An Evaluation Plan defines exactly what algorithm is used for each operation, and how the execution of the operations is coordinated. For example we can parse the query into such a query tree:

Cost difference between evaluation plans for a query can be enormous (e.g. seconds vs. days in some cases)

Cost-based query optimization includes the following steps:

Generate logically equivalent expressions using equivalence rules.
Annotate resultant expressions to get alternative query plans.
Choose the cheapest plan based on estimated cost.

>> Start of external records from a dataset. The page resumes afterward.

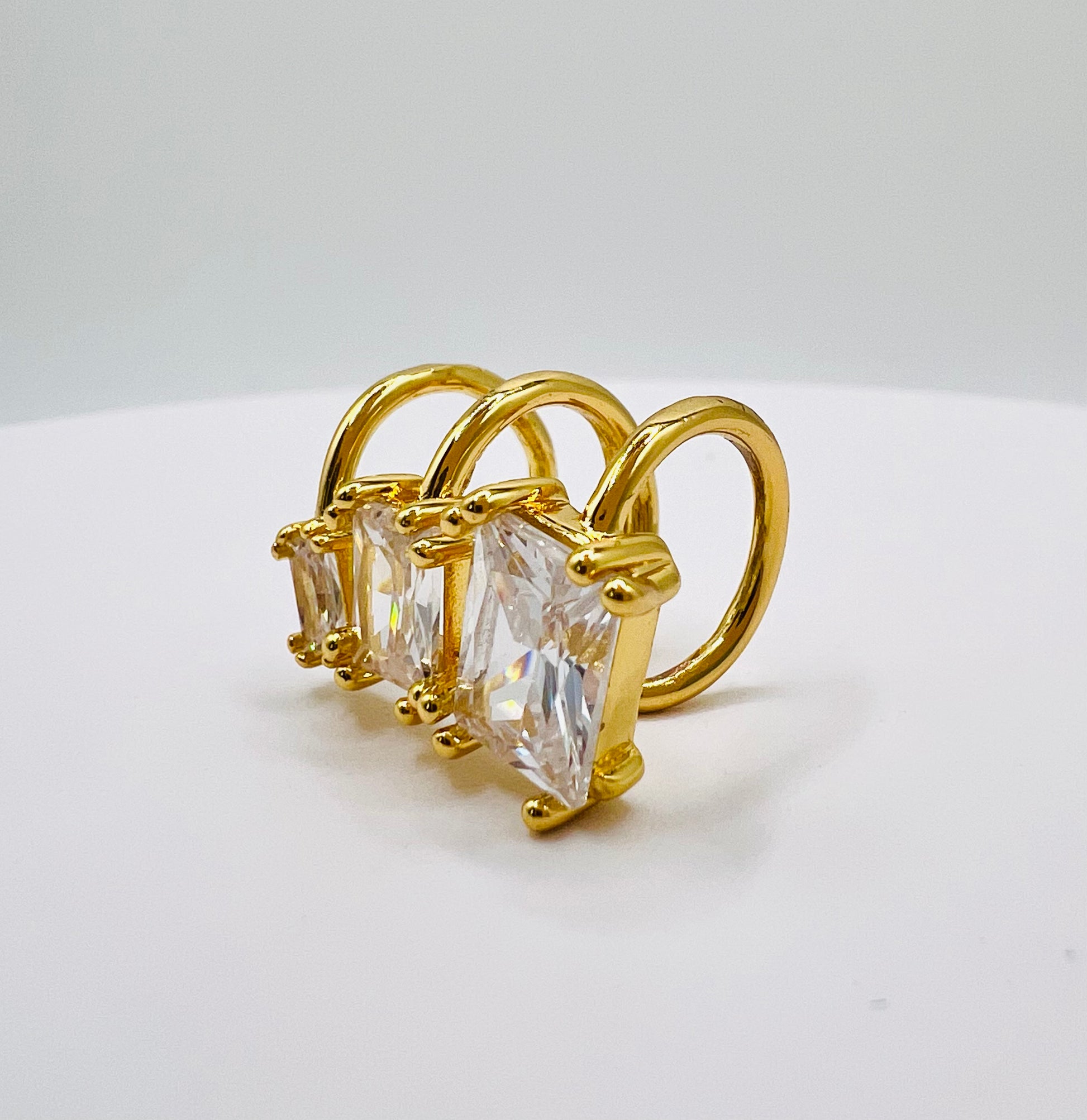 Arete sin necesidad de perforación para oreja derecha. Baño de oro. Y cristales de zirconia.
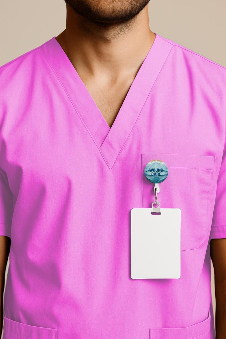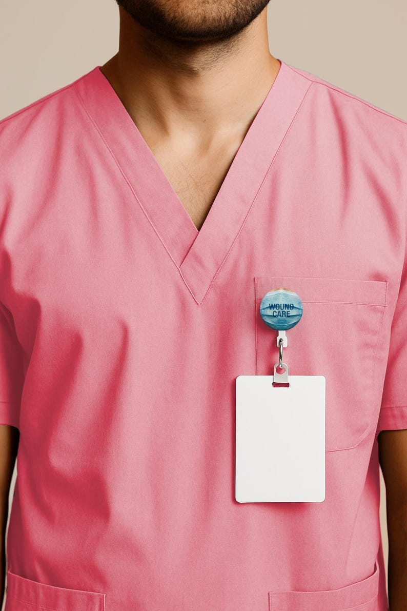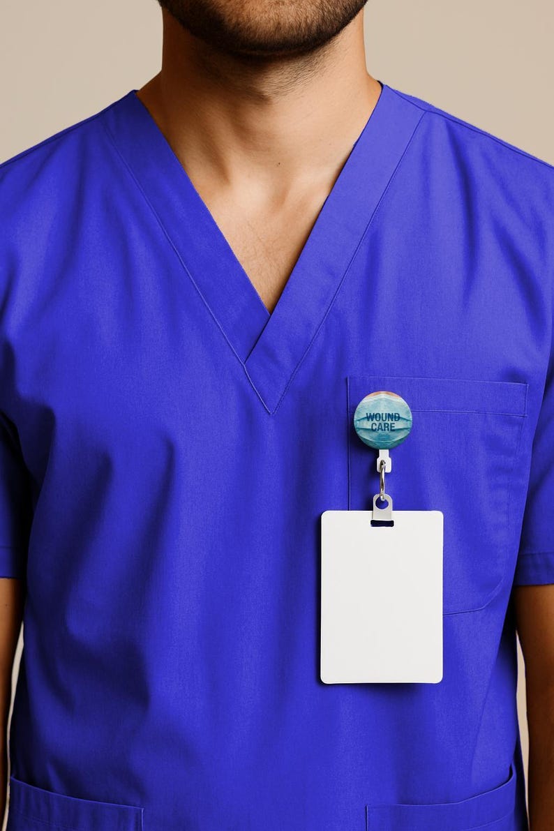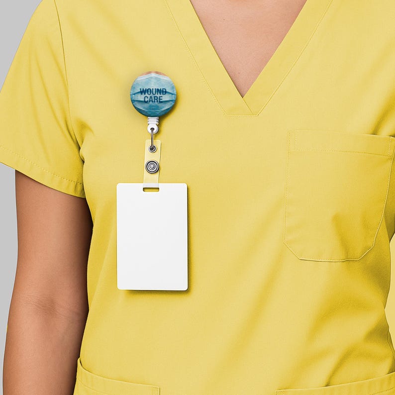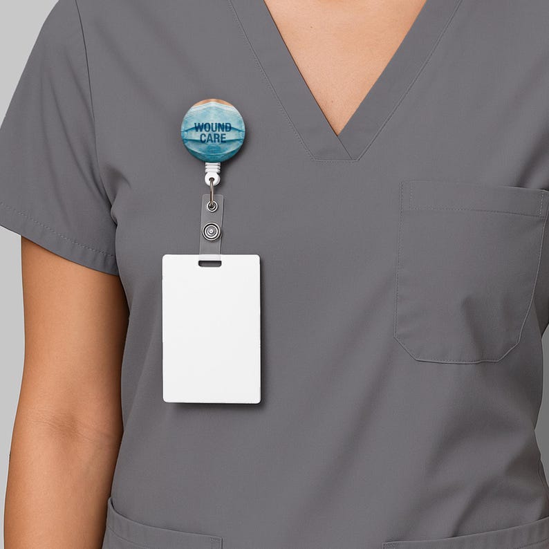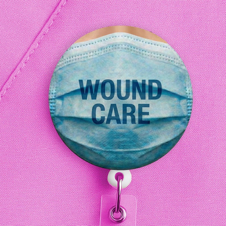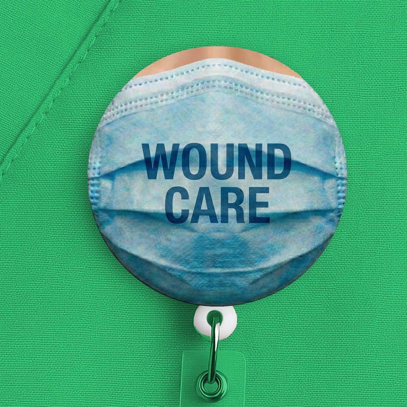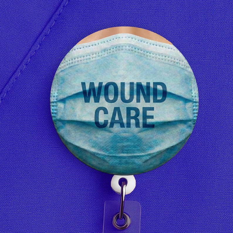 This uniquely designed badge reel features a realistic print of the iconic blue surgical mask, stamped boldly with “WOUND CARE.” It’s the perfect accessory for the specialists who handle the complex healing process with skill and compassion.
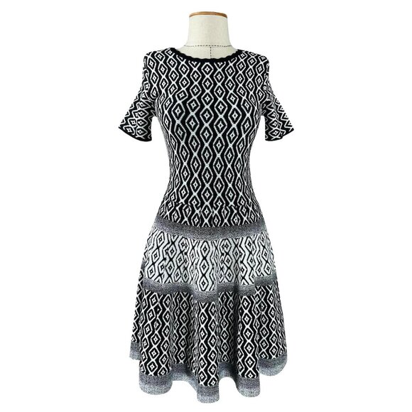 Timeless and chic, this Saks Fifth Avenue Black Label dress features a classic argyle print in black and white. Made from a soft stretch sweater knit, this pullover dress combines comfort and style. The skater fit-and-flare silhouette is flattering on all body types, while the short sleeves make it a versatile piece for year-round wear.

Estimation of plan cost based on:

Statistical information about relations. Examples: number of tuples, number of distinct values for an attribute.
Statistics estimation for intermediate results to compute cost of complex expressions.
Cost formulae for algorithms, computed using statistics.

Some Equivalence Rules:

Conjunctive selection operations can be deconstructed into a sequence of individual selections.

\sigma_{\theta_1 \wedge \theta_2}(R) = \sigma_{\theta_1}(\sigma_{\theta_2}(R))

Selection operations are commutative.

\sigma_{\theta_1 \wedge \theta_2}(R) = \sigma_{\theta_2 \wedge \theta_1}(R)

Only the last in a sequence of projection operations is needed, the others can be omitted.

\pi_{A_1}(\pi_{A_2}(R)) = \pi_{A_1}(R)

Selections can be combined with Cartesian products and theta joins.

\begin{aligned} \sigma_{\theta_1}(R \times S) &= R\Join_{\theta_1}S \\ \sigma_{\theta_1}(R \Join_{\theta_2} S) &= R \Join_{\theta_2 \wedge \theta_1} S \end{aligned}

Theta-join operations (and natural joins) are commutative.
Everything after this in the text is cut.